During these initial meetings your therapist will be focusing mostly on gathering information and coming to understand your situation — not giving out advice or suggestions. But after these initial sessions, you can expect your therapist to discuss candidly his or her observations in a straight-forward way, and he or she will suggest a concrete plan for how to make things better. The therapist will welcome your input and together you will decide how to proceed.
How long does the counseling process last?
The process will vary depending upon the needs or your situation. Couples typically engage in regular counseling sessions for 3-6 months, but some come for just a few sessions while others feel that they continue to benefit from more than 6 months.

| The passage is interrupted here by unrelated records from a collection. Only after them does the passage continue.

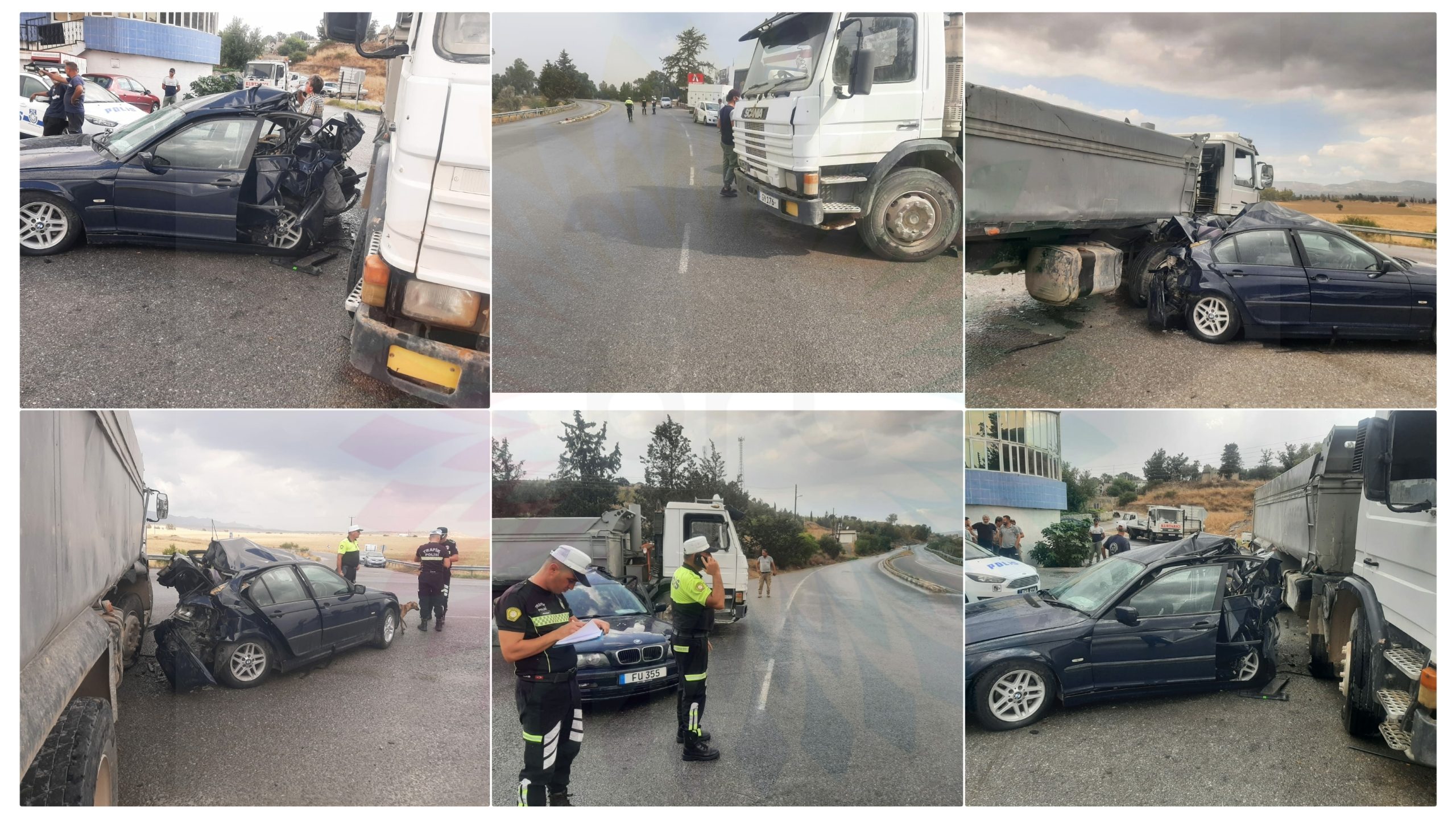 Polis Basın Subaylığı’ndan verilen bilgiye göre bugün saat 14:00 sıralarında, Sınırüstü’nde, Tatlı Market önlerinde, Eren OKUR(E-19) yönetimindeki FU 355 plakalı araç ile Ercan istikametine doğru seyrettiği sırada, dikkatsizliği sonucu direksiyon hakimiyetini kaybedip aracının kayması neticesinde, o esnada Sınırüstü kavşağında anayola çıkmak için beklemekte olan Zeynel Abidin YILMAZ(E-46) yönetimindeki GY 176 plakalı kamyon aracın sağ yan tekerleğine çarpmıştır.
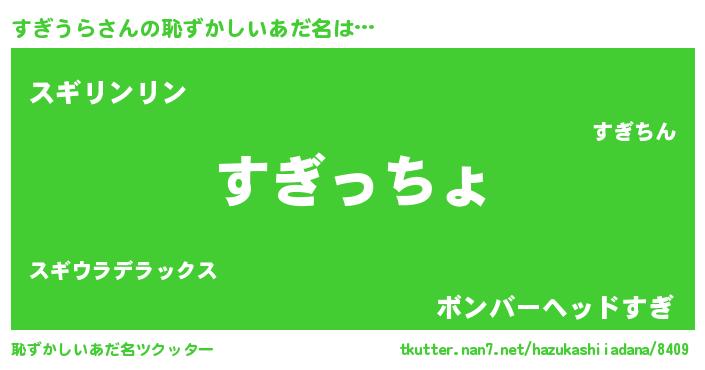 | 意味不明あだ名 | 『すぎうらフォーエバー』 |
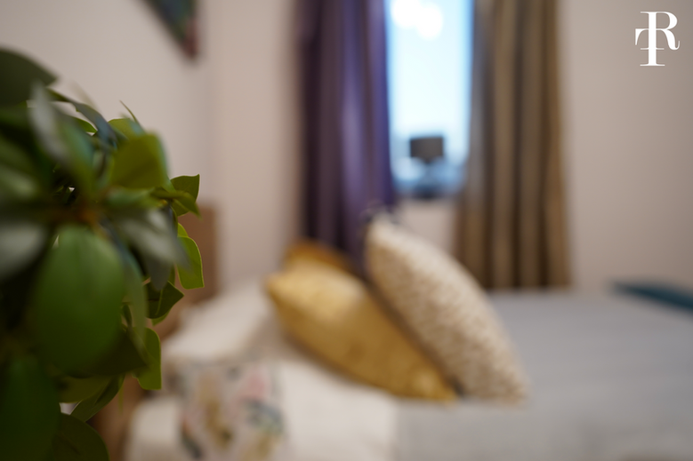 The opulent bathroom features an integrated TV, marble-effect porcelain, and gold mosaic niches, while the three serene bedrooms exude a luxury hotel feel. Soft textured wallpaper, tactile satin-effect carpeting, and a dark, sophisticated walk-in wardrobe complete this exquisite home.
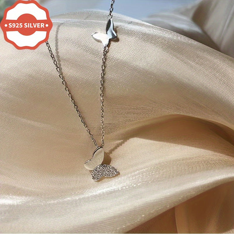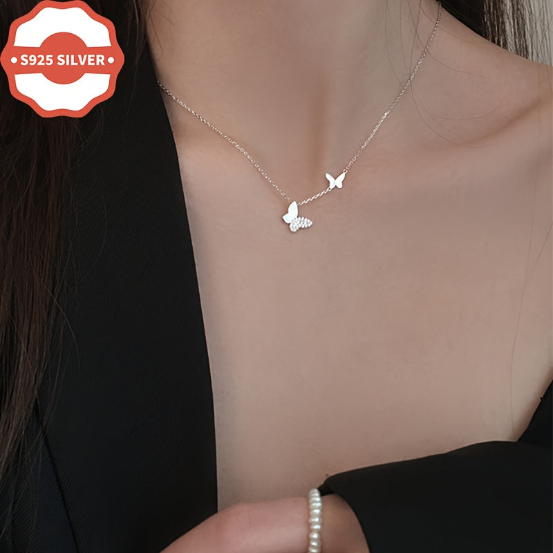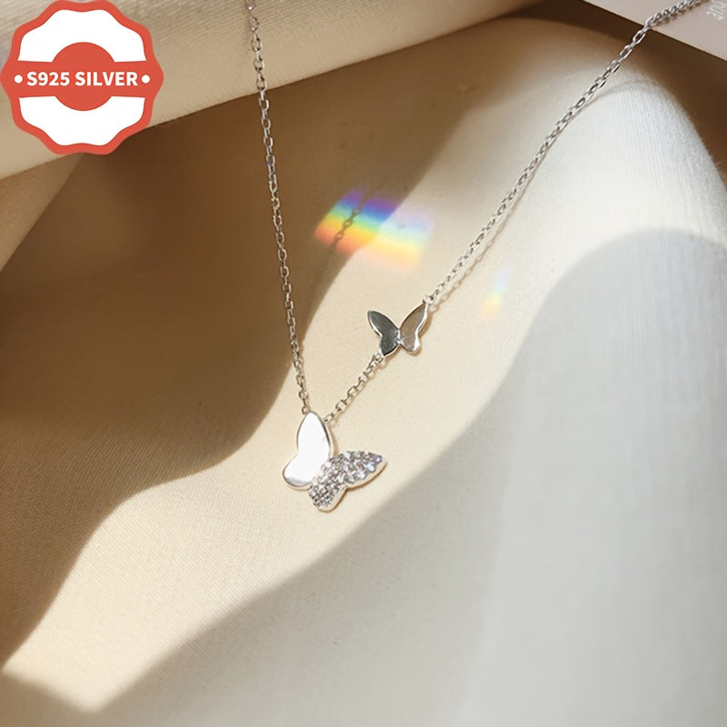 This delicate double layer necklace features a butterfly pendant, making it a perfect addition to any outfit. Ideal for all occasions and makes a great gift for women.

If you’re not seeing hopeful signs within three months, the process probably isn’t working, and you should consider other options. The decision on whether to continue or not at any point is entirely yours and your therapist will encourage you to stop whenever you feel ready.
When is couples counseling not the best choice?
If there is ongoing physical aggression in your relationship, couples counseling is usually not the best choice until internal changes take place in a person that enable the aggressive acts to be controlled. However, sometimes going through the initial assessment sessions will help motivate an aggressive partner to get individual treatment. Couples therapy may also be of limited or no value if one or the other partner is engaged in an ongoing secret affair or is making covert significant financial decisions without the other partner’s knowledge.
Do you have a 'pro marriage' (or 'pro stay-in-your-relationship-no-matter-what') orientation at the Couples Clinic?
Scientific evidence suggests that people function best when they sustain satisfying, committed relationships over time. Correspondingly, we encourage people to make every reasonable effort to repair their relationships before moving on. However, not all relationships can be repaired and sometimes separating is the best choice. While your therapist may encourage you to carefully consider all of the angles, ultimately we believe that each person must make decisions that he or she believes to be best.